Neta de Laurie Strode, Allyson Nelson (Andi Matichak) é uma adolescente que, a contragosto da mãe, tenta se aproximar da avó sempre que possível — aqui cabe um adendo para a primeira interação de ambas no filme, uma referência muito bacana e criativa ao primeiro filme. Ela se encontra em uma encruzilhada entre tentar aproveitar a adolescência, se divertir ao lado do namorado (spoiler: um bostola de marca maior, com o perdão do português) e seguir os conselhos da mãe no sentido de "não se consumir com paranóias", e, ao mesmo tempo, manter o olhar desconfiado e vigilante diante dos perigos que o mundo oculta, atenta às prescrições da avó — sendo neta de quem é, é preciso estar atenta e forte. Allyson é esperta, sabe se virar quando dito perigo surge no horizonte, mas também é humana, e não pode enfrentar uma ameça da envergadura de Myers sozinha. 

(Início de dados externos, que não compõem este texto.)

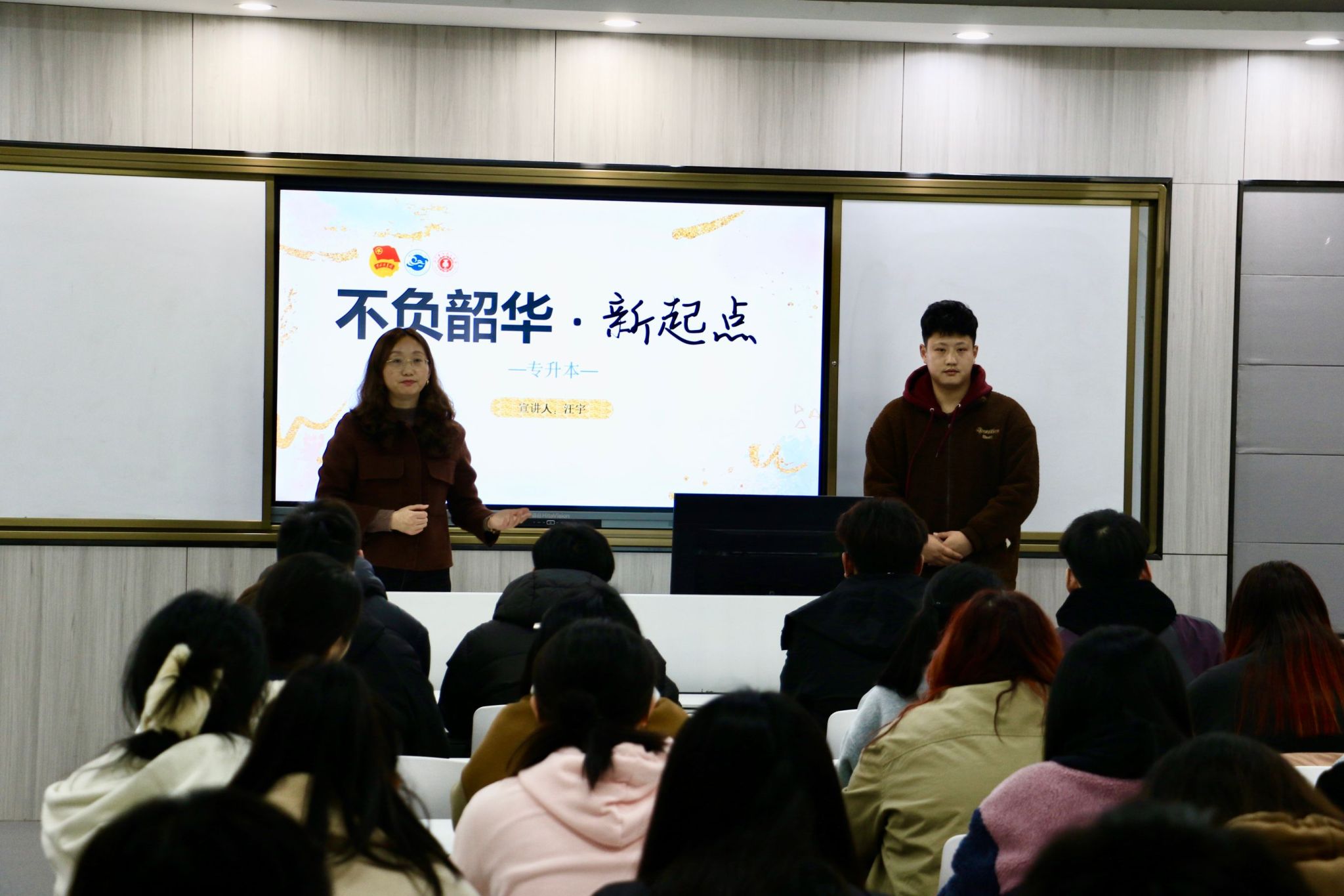 4月14日晚,艺术设计学院在庐阳校区致知楼二楼204智慧教室举办“优秀学子母校行”---优秀毕业生专升本求学分享会。本次特邀2019届产品艺术设计专业毕业生汪宇以“不负韶华.新起点”为题,为学弟学妹开展专升本心得分享会,来自我院22级、23级七十余名同学听取了报告。分享会由艺术设计学院团总支书记赵文卿主持。
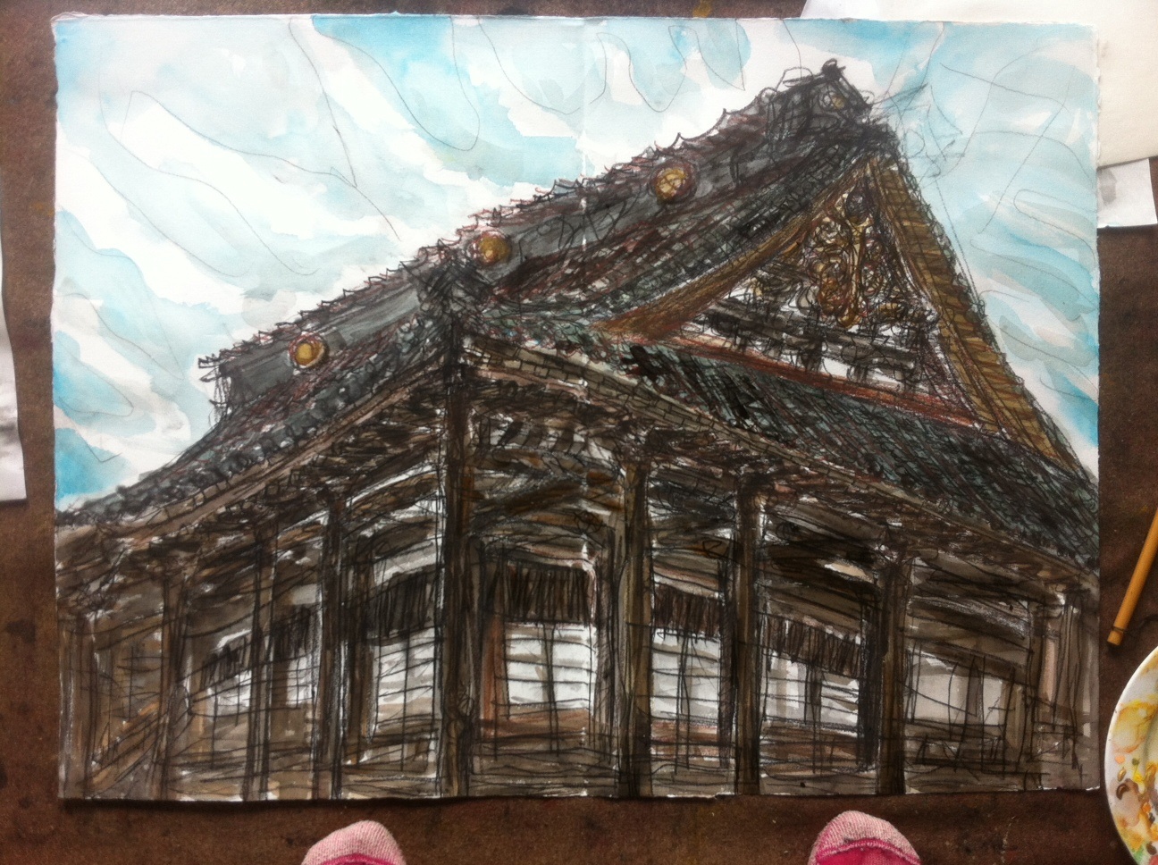 Coming home , I added some colors. Somehow maybe I have tried to make it something people might like or people can recognize it is the temple. Not good. I'll try ink now.
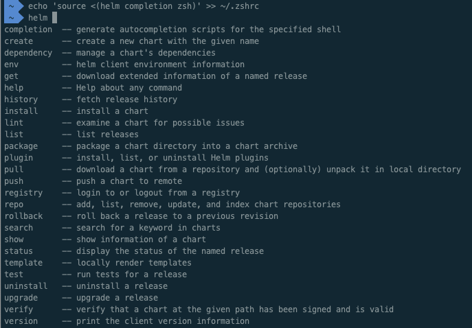 $ echo 'source <(helm completion zsh)' >> ~/.zshrc
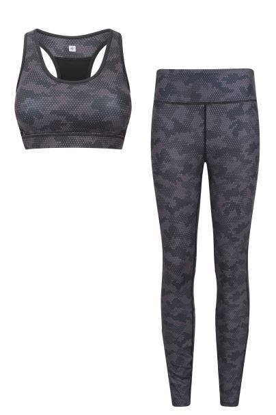 το σετ σουτιέν και κολάν με μοτίβο διχτυωτών κινήσεων είναι ιδανικό για προπονήσεις στο γυμναστήριο ή στο στούντιο. το κολάν είναι πλήρως αδιαφανές με διχτυωτούς πίνακες και φαρδιά ζώνη. το σουτιέν σχεδιάστηκε για άσκηση ενδιάμεσης πρόσκρουσης με ράχη για ελευθερία κινήσεων.
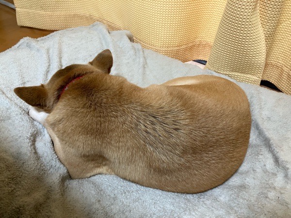 夕方の お散歩しまして、御飯食べますと またまた睡魔が…のヒバ子さん(@ ̄ρ ̄@)

Gostei muito de vislumbrar como um único trauma atravessou as vivências dessas três mulheres, como influenciou cada uma de formas diferentes, e como elas reagem à figura de Myers quando este deixa de ser uma lembrança, ou um vulto distante, para se tornar um perigo real. A cena final, em que avó, mãe e menina estão reunidas após a noite de terror que se sucedeu, é bastante emblemática. 

Num futuro recente, espero ter a oportunidade de revisitar este filme aqui (até porque a trilha de John Carpenter está, literalmente, de matar). Como alguém que não é lá muito afeita a franquias longas de terror (por pura preguiça mesmo), e inicialmente andava desencorajada de retornar ao universo de Halloween, conhecidíssimo por suas diversas e polêmicas linhas temporais, foi uma grata surpresa descobrir que não é fundamental ter assistido previamente às produções anteriores, tidas por muitos como experimentos com níveis variados de sucesso. Para quem não sabe por onde começar, este aqui seja um segundo passo muito interessante após o filme original de 1978.